Problem: Given a sorted array, We have to count the frequency of number i.e. the count number of occurrences of a number in the given sorted array.

Example**:** 

Arr[]={ 5,10,15,15,15,25,30,60,80 } ,p= 15

Output : 3

Explanation: Number 15 occurs 3 times in the sorted array.

This problem can be done in two ways:-

1. Linear Search
2. Binary Search

# Approach 1

In linear search we compare each element with the element to be found as we traverse through the array.

Code (Linear Search):

#include <iostream>
using namespace std;

// Function returns number of times p occurs in array
int countrepeat(int array[], int size, int p)
{
    int ans = 0;
    for (int i = 0; i < size; i++)
        if (array[i] == p)
            ans++;
    return ans;
}

// Driver code
int main()
{
    int array[] = { 32, 32, 54, 65, 78, 78, 78, 78, 85 };
    int size = sizeof(array) / sizeof(array[0]);
    int p = 78;
    cout << p << " is repeated " << countrepeat(array, size, p) << " times";
    return 0;
}

Output

78 is repeated 4 times

Time Complexity:  O(n)

# Approach 2

In binary search, we find the middle element ((start+last)/2) (Here, start corresponds to first element and last corresponds to the last element) and check if the element to be found is smaller or greater than value present at the middle.

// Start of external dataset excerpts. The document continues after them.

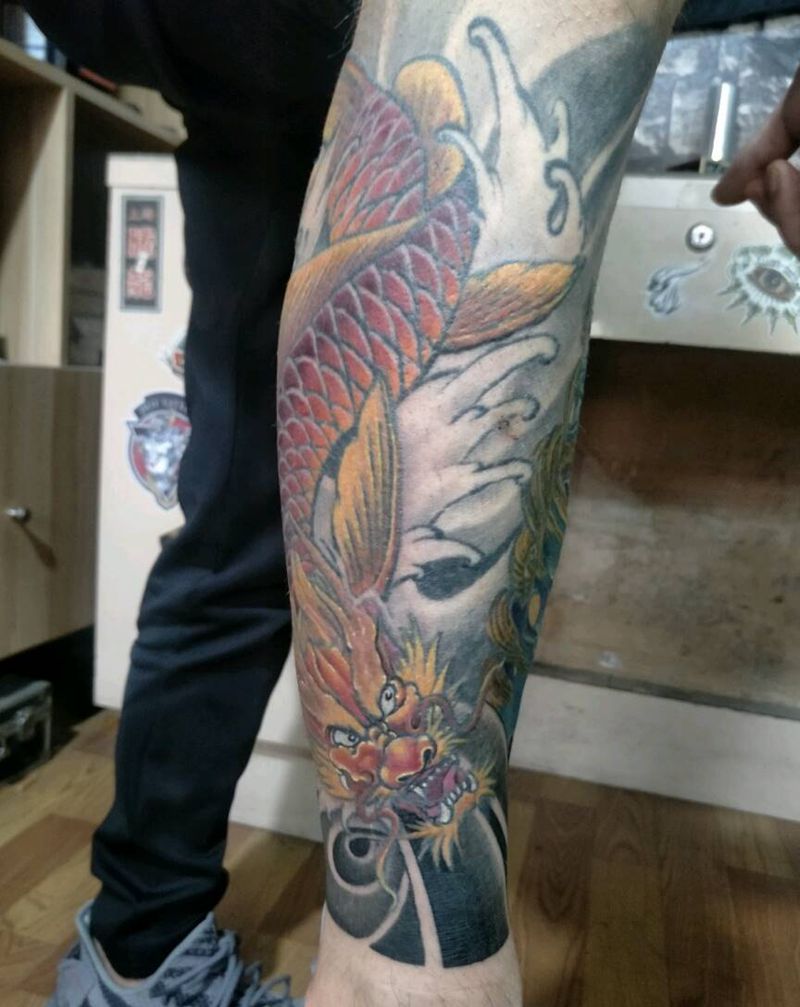 • T网红王老大花腿龙纹身图片_腿部新传统纹身图案
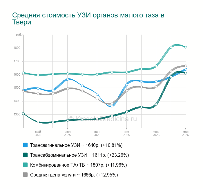 Сделать УЗИ органов малого таза у женщин в Твери можно в 66 клиниках. Средняя цена - 1509р. (+3.93% за последние 3 месяца). Всего найдено 153 цены от 400 до 2500 руб.
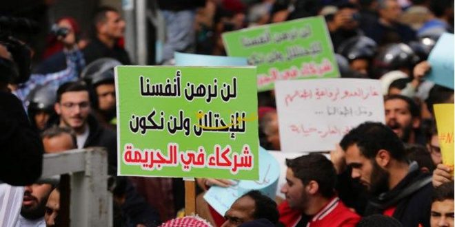 كما رفع المتظاهرون لافتات كتب عليها (لن نرهن أنفسنا للاحتلال ولن نكون شركاء في الجريمة) و(غاز العدو احتلال) إضافة إلى (اتفاق العار..استعمار).
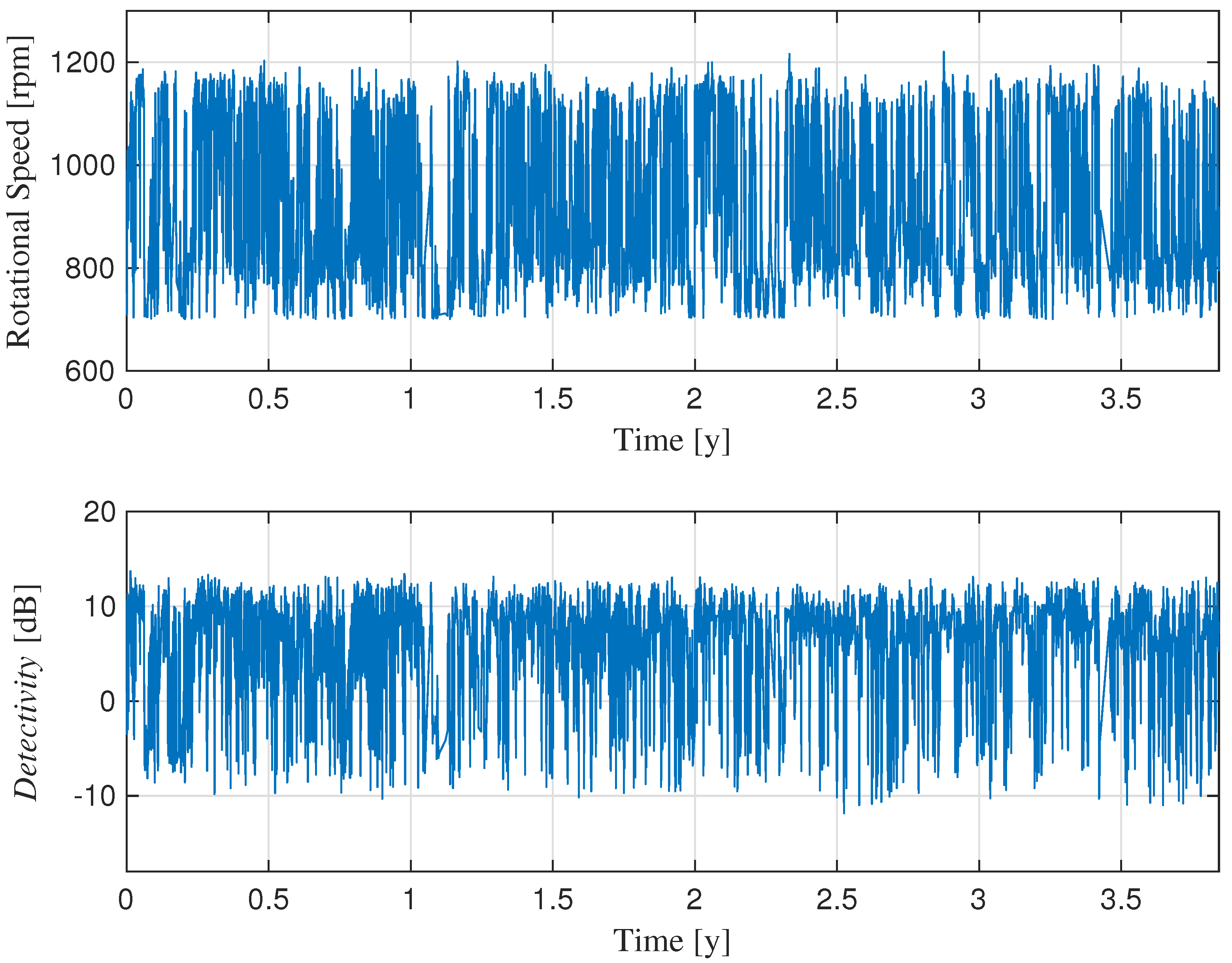 As an illustrative example, Figure 1 presents the speed profile of Turbine 1 during the test period, showing continuous fluctuations between 700 and 1200 rpm. The corresponding Detectivity values (as defined in Equation (9)) are also shown, using the first acquisition in the series as a reference.
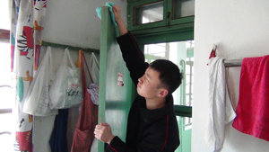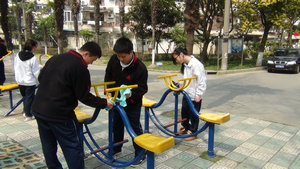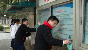 12:10同学们准时出发,高举志愿者大旗,排好两列纵队迈着整齐的步伐走向目的地。很快,同学们就到达了桃园社区。在老师和居委领导的指示下,同学们分成三个小组,第一小组负责小区宣传栏和健身器材的清洁,第二、三小组分别到社区内的一位残疾老人和孤寡老人家里帮忙搞卫生。任务分配好同学们便开始卖力的工作起来,扫地的扫地,擦玻璃的擦玻璃,撕墙纸的私墙纸……没过一会,同学们头上已经满是大汗,可没有一个人喊累。
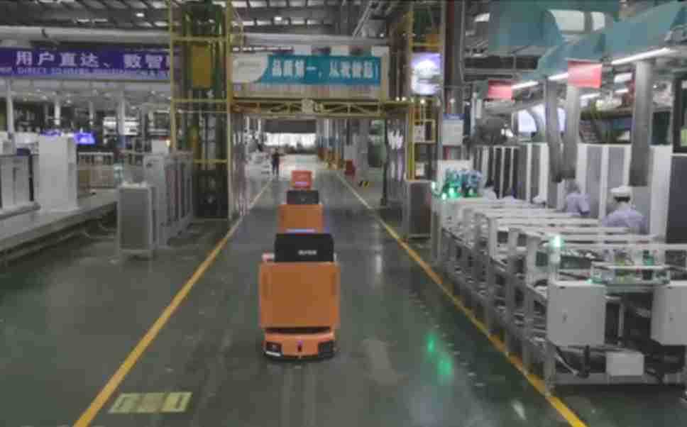为车载冰箱物流配送打造的智能解决方案,,包含产中物流通过潜伏举升AMR搬运至线边,,,产后成品物流智能仓储,,,流程包含产中物流智能齐套入库,,,线边安灯叫料AMR智能配送至线边,,,成品入库、、出库,,,通过无人堆高车机器人,,,智能仓储管理替代人工作业管理,,实现更高存储、、、、更高效率、、更具柔性化的解决方案。。。
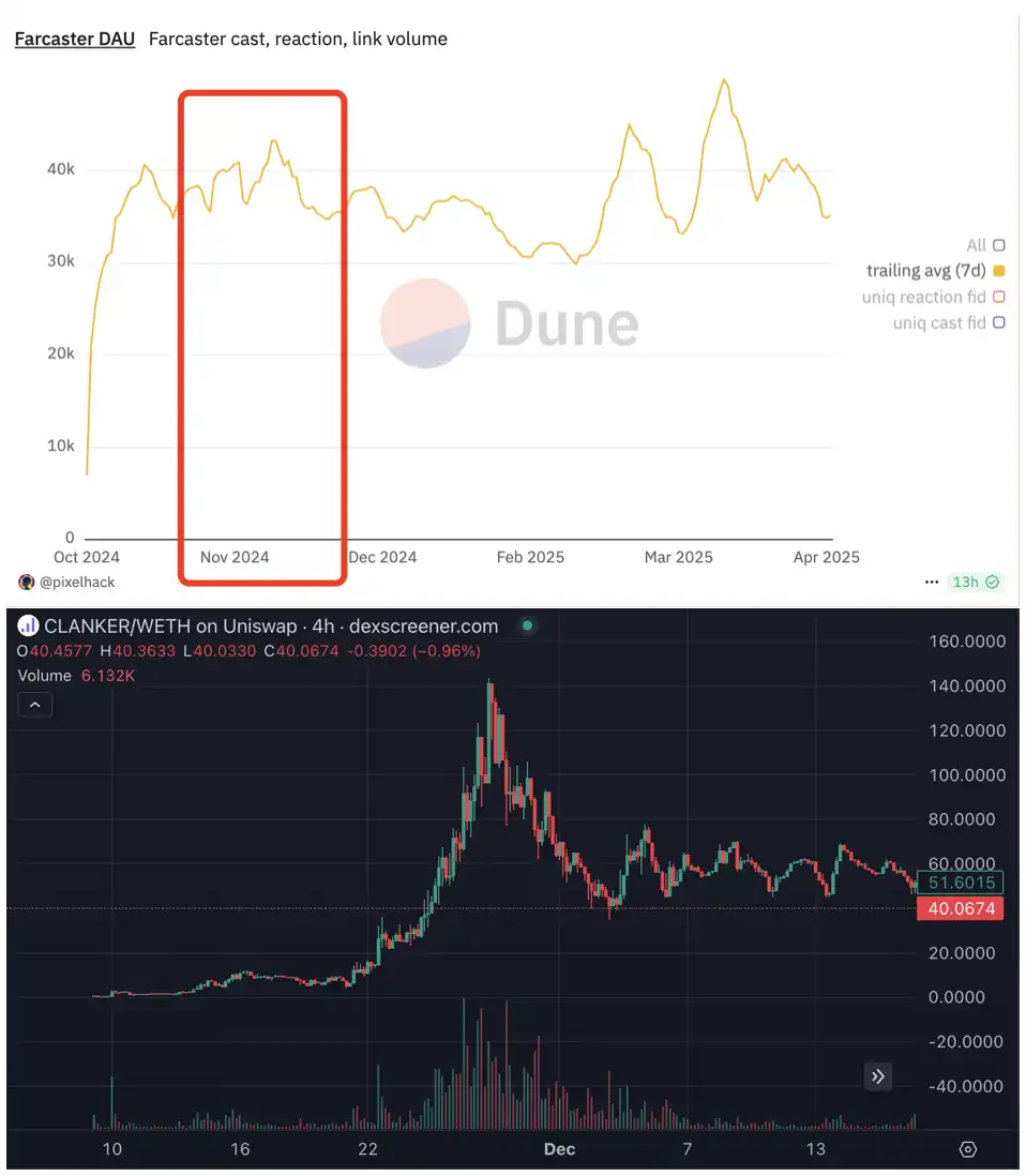Clanker 是 Warpcast 上的一个代币发行 AI Agent,用户发帖并艾特 Clanker 就可以在 Uniswap 发布可交易代币,其官方代币$CLANKER 在去年 11 月暴涨 20 倍,使 Base 以及 Warpcast 成为同 Solana 在 AI 概念赛道的竞争者。也因为$CLANKER 的造富效应,Farcaster 的日活用户突破去年夏季以来的新高。

If the element to be found is greater then we initialize the start value as mid+1 else last is initialized as mid-1.

Code (Binary Search):

#include <iostream>
using namespace std;

// C++ program to count occurrences of an element

//function returns the position of p in given array
int binarysrch(int array[], int l, int r, int p)
{
    if (r < l)
        return -1;

    int mid = l + (r - l) / 2;

    // If element is found at the middle
    if (array[mid] == p)
        return mid;

    // If element is smaller than mid, then
    // it can only be there in left subarray
    if (array[mid] > p)
        return binarysrch(array, l, mid - 1, p);

    // Else the element can only be there
    // in right subarray
    return binarysrch(array, mid + 1, r, p);
}

// function returns number of times p occurs in array
int countrepeat(int array[], int size, int p)
{
    int token = binarysrch(array, 0, size - 1, p);

    // If element is not found
    if (token == -1)
        return 0;

    // Counting elements on left
    int count = 1;
    int left = token - 1;

    while (left >= 0 && array[left] == p)
        count++, left--;

    // Counting elements on right
    int right = token + 1;
    while (right < size && array[right] == p)
        count++, right++;

    return count;
}

// Driver code
int main()
{
    int array[] = { 1, 12, 15, 15, 15, 30, 45, 76, 80 };
    int size = sizeof(array) / sizeof(array[0]);
    int p = 15;
    cout << countrepeat(array, size, p);
    return 0;
}

Output

3

Time Complexity : O(log n + count) where count is number of occurrences.